Which lines in the entries below contain the string "Figure"? Show each of them in full.

#### ENTRIES SHOWN ####

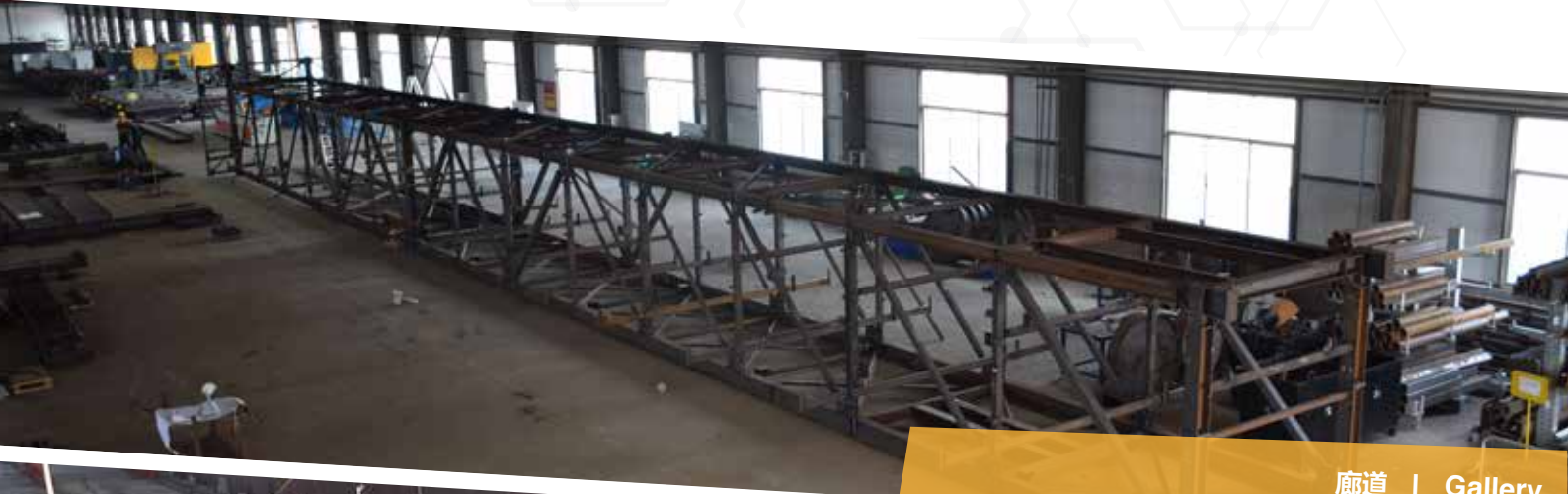
廊道 | Gallery
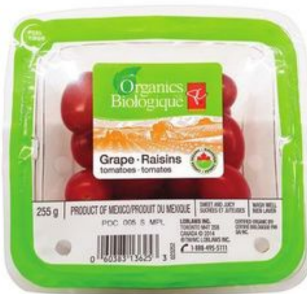
PC® ORGANICS GRAPE TOMATOES PRODUCT OF CANADA OR MEXICO 255 G 20799491001_EA
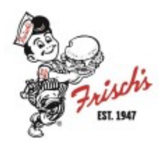
Delhi Frisch's 5202 Delhi Avenue Cincinnati, OH 43258

Present this printed flyer between 4:00-9:00 p.m. Valid for drive-in, carry-out and drive-thru only at the participating location listed below.
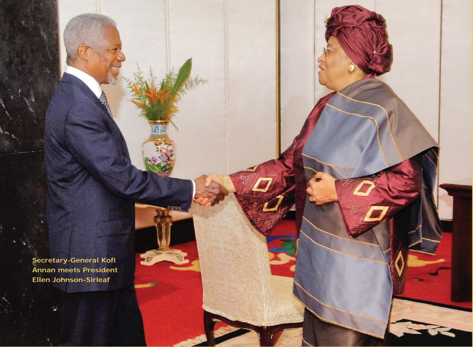
Secretary-General Kofi Annan meets President Ellen Johnson-Sirleaf
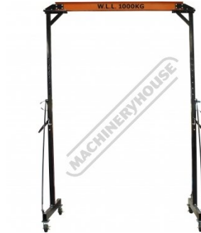
Shown at Full Height
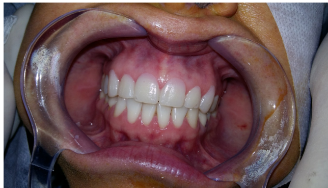
Figure 5 - Mock-up
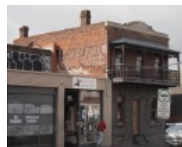
H0871 BELMONT LHA 2015 1.JPG
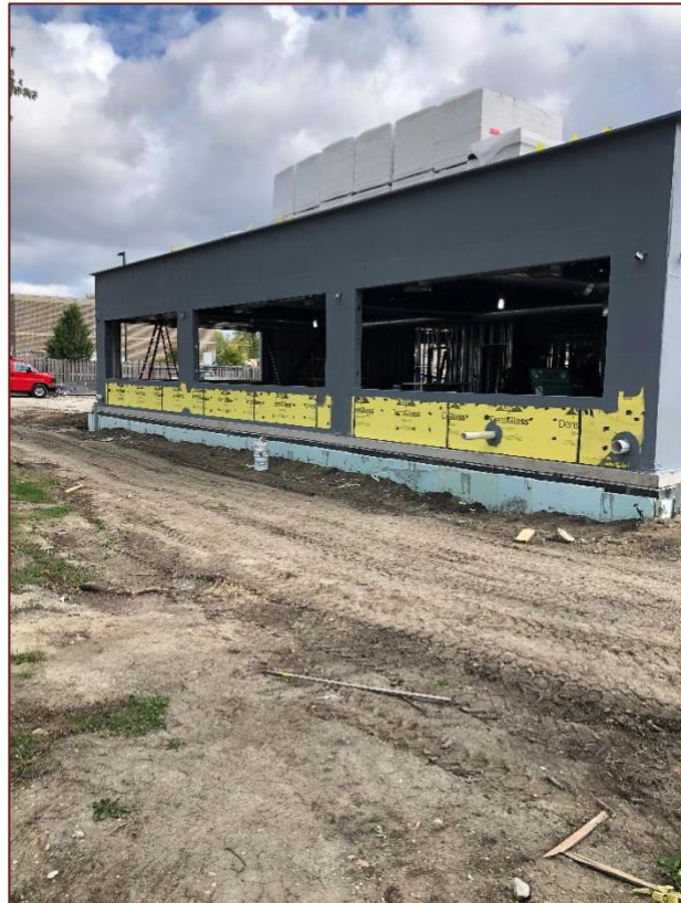
The west elevation
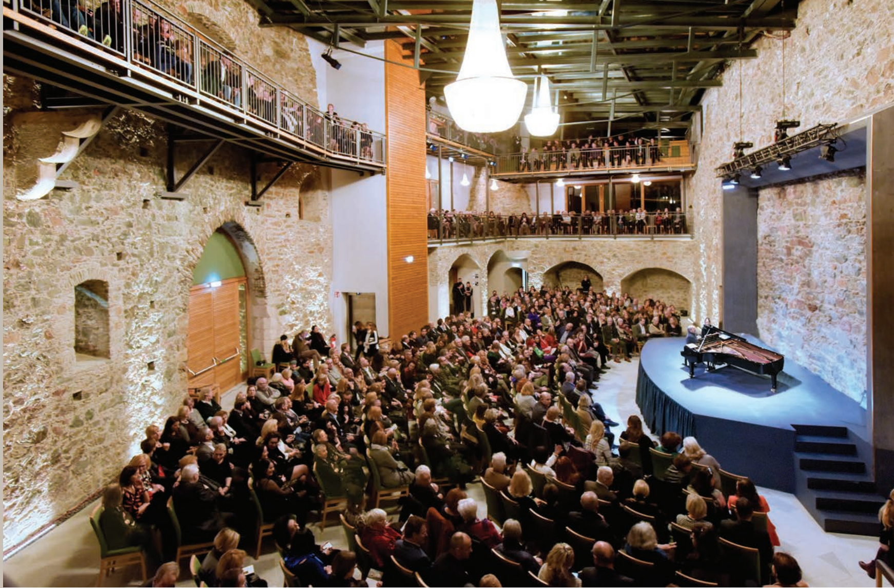
Taggenbrunn Castle - Festival Hall, © Ferdinand Neumüller
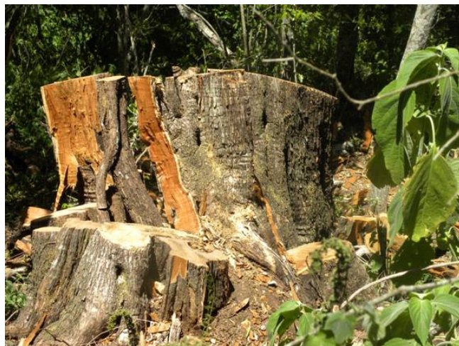
Illegal logging in the Chyulu hills
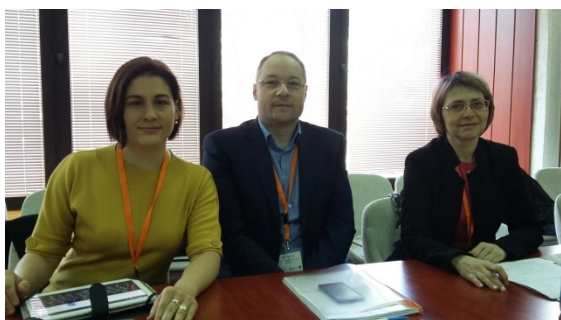
Meeting of the Belarussian HERE team

During 2016 the Belarus national HERE team was composed of 10 experts. The team was chaired by the Head of the Higher Education Department of the Ministry of Education. Seven experts represent HEIs located in Minsk and two represent HEIs in the regions. The majority of experts represent state universities. All experts, except the student representative, hold positions of chiefs/heads of departments or vice rectors, which makes possible for them to have access to different stakeholders in higher education (academic staff, students, Ministry of Education, relevant international organizations) in their HERE capacity.
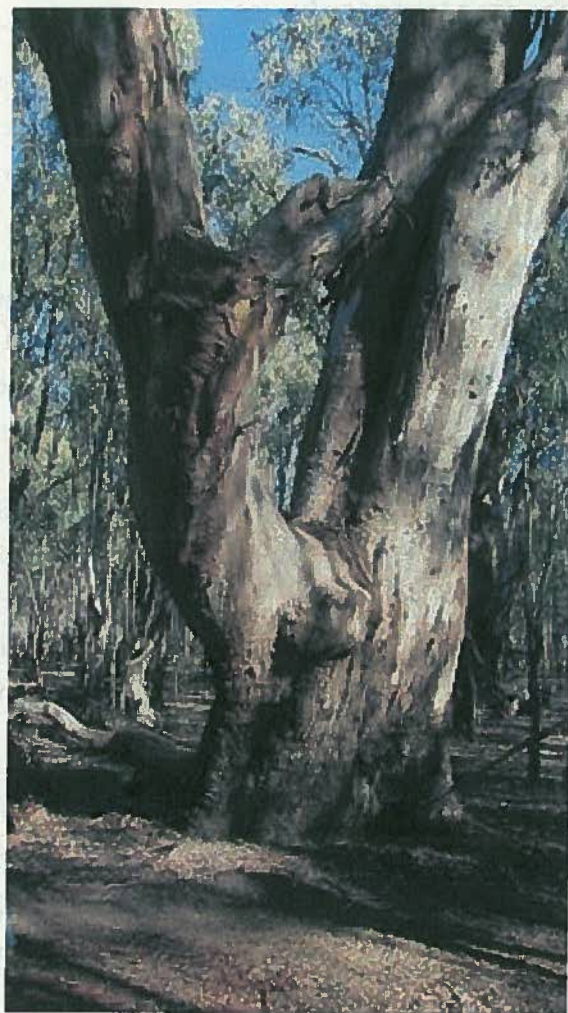
An old hollow-bearing river red gum. Trees like this are vital habitat for many species.

The poor results of the Hume Highway offset program are sobering. However, organisations like
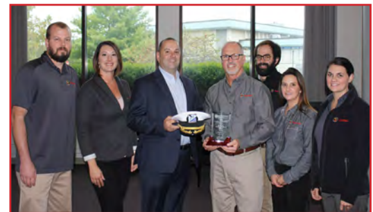
Imperial Manufacturing Group
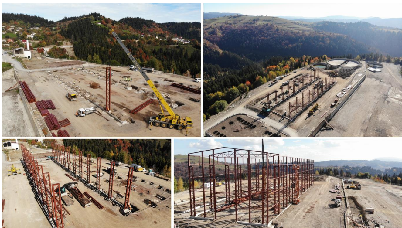
Figure 4: Vares Processing Plant Progress
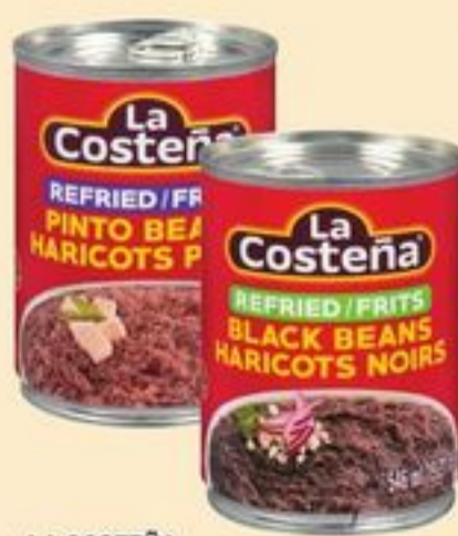
LA COSTEÑA REFRIED BEANS SELECTED VARIETIES 546 ML 20054076001_EA 20054076002_EA
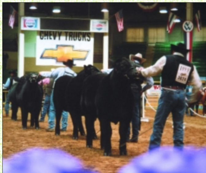
► Bulls line the ring head to tail to provide the judges with a side profile at the 97th Annual National Western Stock Show in Denver, Colo.
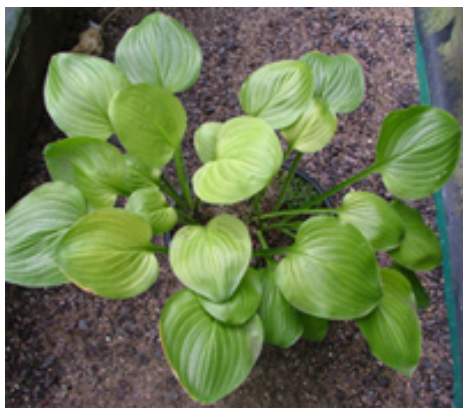
H. 'Academy Flaxen Spades'

Academy Galadriel Academy Gilded Dawn Academy Glowing Embers Academy Gold Codswallop
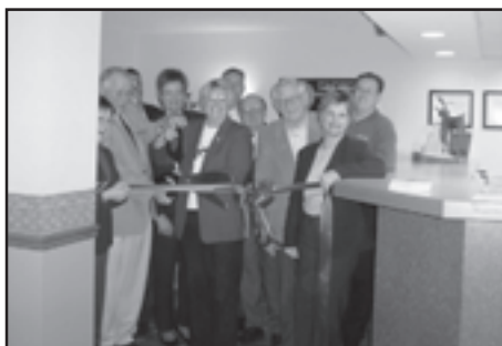
On Dec. 14 a ribbon cutting took place at the new Super 8 Motel located at 3315 South Center St.
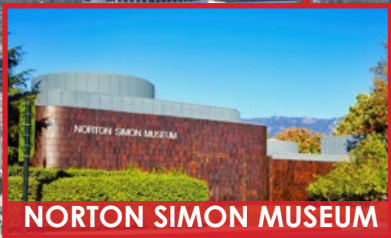
NORTON SIMON MUSEUM
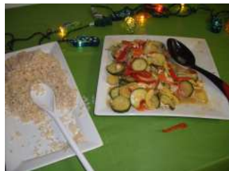
Healthy snacks prepared by Newberry residents during the program
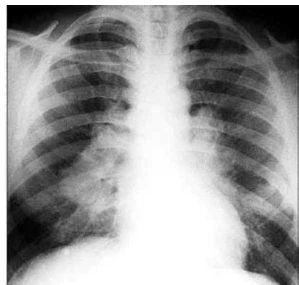
Figure 5. Chest radiography showed bilateral hilar lymphadenopathy.

Oral corticosteroids are the mainstay of therapy in sarcoidosis (2). It should be reserved for severe inflammatory disease of the eye, pulmonary and cardiac involvement, central nervous system
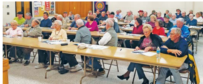
Local 692 holds a retirees meeting on health care.

####

▸ **RESULT FOR THIS EXERCISE**:
Figure 5 - Mock-up
Figure 4: Vares Processing Plant Progress
Figure 5. Chest radiography showed bilateral hilar lymphadenopathy.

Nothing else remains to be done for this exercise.